Qual papel do Fanzine hoje no cenário dos quadrinhos?

Se você é um consumidor de quadrinhos, é provável que já tenha comprado algum fanzine ou até mesmo produzido o seu.

Na coluna de hoje falarei um pouco sobre este que é um dos caminhos mais comuns para os iniciantes que se aventuram neste mundo fantástico da nona arte.

O termo foi cunhado por Russ Chauvenet e popularizado entre os fãs de ficção científica. Aos poucos a palavra (uma aglutinação das palavras inglesas fan e magazine) passou a designar publicações não profissionais e não oficiais, produzidas por fãs e entusiastas de alguma expressão artística ou gênero específico.

Os quadrinhos estão ligados à produção de fanzines desde a sua gênese. Superman teve sua primeira versão, o conto ilustrado The Reign of the Superman, publicada na terceira edição do fanzine de ficção científica Science Fiction: The Advance Guard of Future Civilization. O personagem foi reformulado pelos criadores Jerry Siegel e Joe Shuster e vendido para a DC Comics por 130,00 dólares.
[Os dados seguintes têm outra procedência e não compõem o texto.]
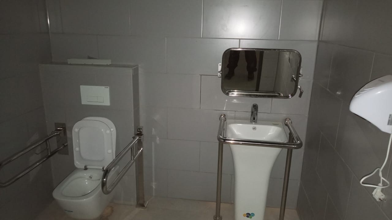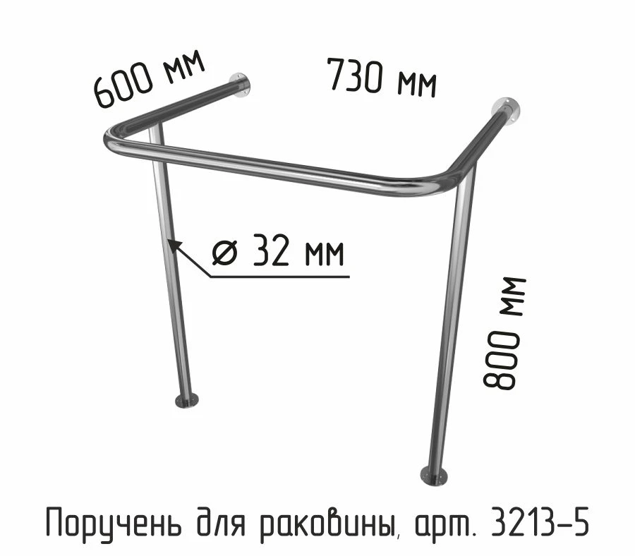 Поручень на стойках для раковины с увеличенной высотой 600х730х800мм, оснащен четырьмя опорами, 2 из которых размещены на полу, а остальные прикреплены к стенке. Опора произведена из качественной нержавеющей полированной стали.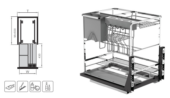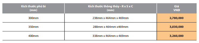 Kích thước sản phẩm (mm): Rộng x Sâu x Cao: W338 x D464 x H469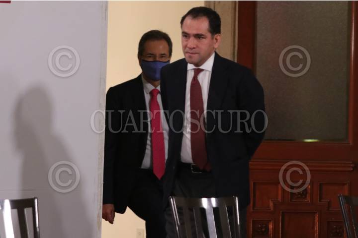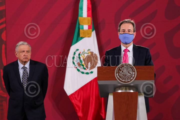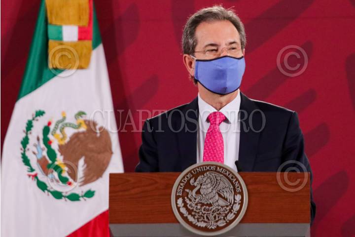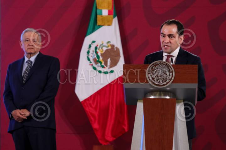 Arturo Herrera durante la conferencia matutina donde se firmo el acuerdo para la obtención de medicamentos con la UNOPS
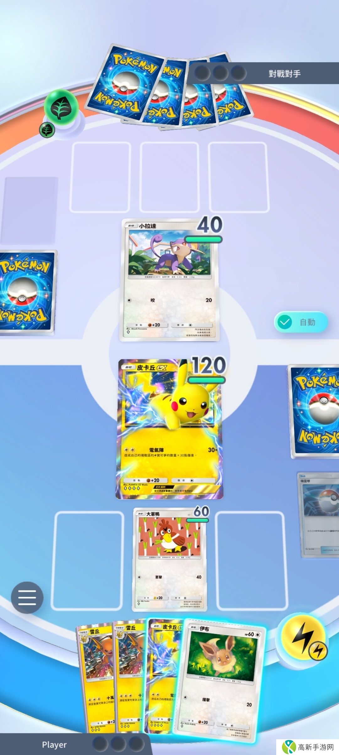 编制好牌组之后,就能开始和对手对战了。与现有的宝可梦卡牌相比,例如牌组的卡牌张数从60张变为20张,或是使用招式所需的能量变为从「能量区」附到宝可梦身上等,本作做了各种变更,让玩家能更轻松地在智慧型手机上游玩。

Os fanzines também têm uma história muito ligada ao movimento punk, por conta da cultura do “faça você mesmo”. Não havia nada mais punk do que criar publicações independentes que protestavam contra os valores conservadores, a situação política e o “tédio cultural” que marcava aquela época.
O fanzine era contestador e deliberadamente grosseiro. E a questão central de nosso debate é essa: qual papel o fanzine cumpre hoje, no cenário dos quadrinhos? Para quem se aventura na produção de quadrinhos é comum que o caminho natural se inicie com os fanzines, eles são mais baratos e não exigem alto grau de profissionalização.

Qualquer um pode fazer um fanzine. Muitas feiras, no Brasil e no resto do mundo, são voltadas para a exibição e venda de fanzines e outros impressos. A Ugra Press realiza, desde 2011, em São Paulo, o Ugra Zine Fest (que a partir de 2017 passou a se chamar Festival Ugra Fest – Quadrinhos e Publicações Independentes).
O evento reúne em uma exposição e um catálogo, publicações independentes, além de oferecer espaço para vendas desses produtos e outras atividades. Além disso, a Ugra Press possui uma loja física onde comercializa as produções de quadrinistas.
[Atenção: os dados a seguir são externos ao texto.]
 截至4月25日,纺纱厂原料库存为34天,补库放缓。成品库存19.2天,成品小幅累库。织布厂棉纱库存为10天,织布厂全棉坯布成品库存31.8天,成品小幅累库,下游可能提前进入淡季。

Fanzineologia é uma pequena editora de língua espanhola especializada em autopublicação de independentes. Em seu perfil no Instagram, a editora se concentra na missão de divulgar fanzines que chegam até eles, além de seus próprios. São publicações das mais diversas temáticas e níveis de acabamento gráfico.

Hoje, com a expansão do modelo de negócios da Amazon e outras gigantes do mercado, além das crises que o mercado editorial sofre no Brasil, a autopublicação talvez ainda seja a melhor forma de continuar produzindo. Em muitos lugares ela é a única opção.

Para quem se aventura na produção de quadrinhos é comum que o caminho natural se inicie com os fanzines, eles são mais baratos e não exigem alto grau de profissionalização. Qualquer um pode fazer um fanzine.

Mas a produção de fanzines não pode ser vista como uma “etapa” a ser vencida pelo artista, apenas um degrau que o levará ao mercado editorial e aos rios de dinheiro fácil. Muitos continuam produzindo de forma independente e ainda assim publicam por editoras.

O fanzine exerce, portanto, papel fundamental nesse cenário. Ele é o espaço e o momento ideal para o artista experimentar e aprender. Com ele, o artista não tem as amarras que o mercado editorial pode impor. As escolhas editoriais são todas suas.

Ser independente não é sinônimo de fracasso. O maior exemplo disto é quadrinista brasileiro Marcatti, que já publicou por diversas editoras e ganhou inúmeros prêmios importantes para o cenário, mas continua produzindo suas histórias num ritmo quase tão alucinante quanto o dos quadrinhos mainstream.

O mercado editorial ainda deve passar por diversas transformações, assim como o hábito de consumo do público, mas o fanzine sempre terá lugar cativo no cenário dos quadrinhos e nas outras expressões artísticas em que ele está presente.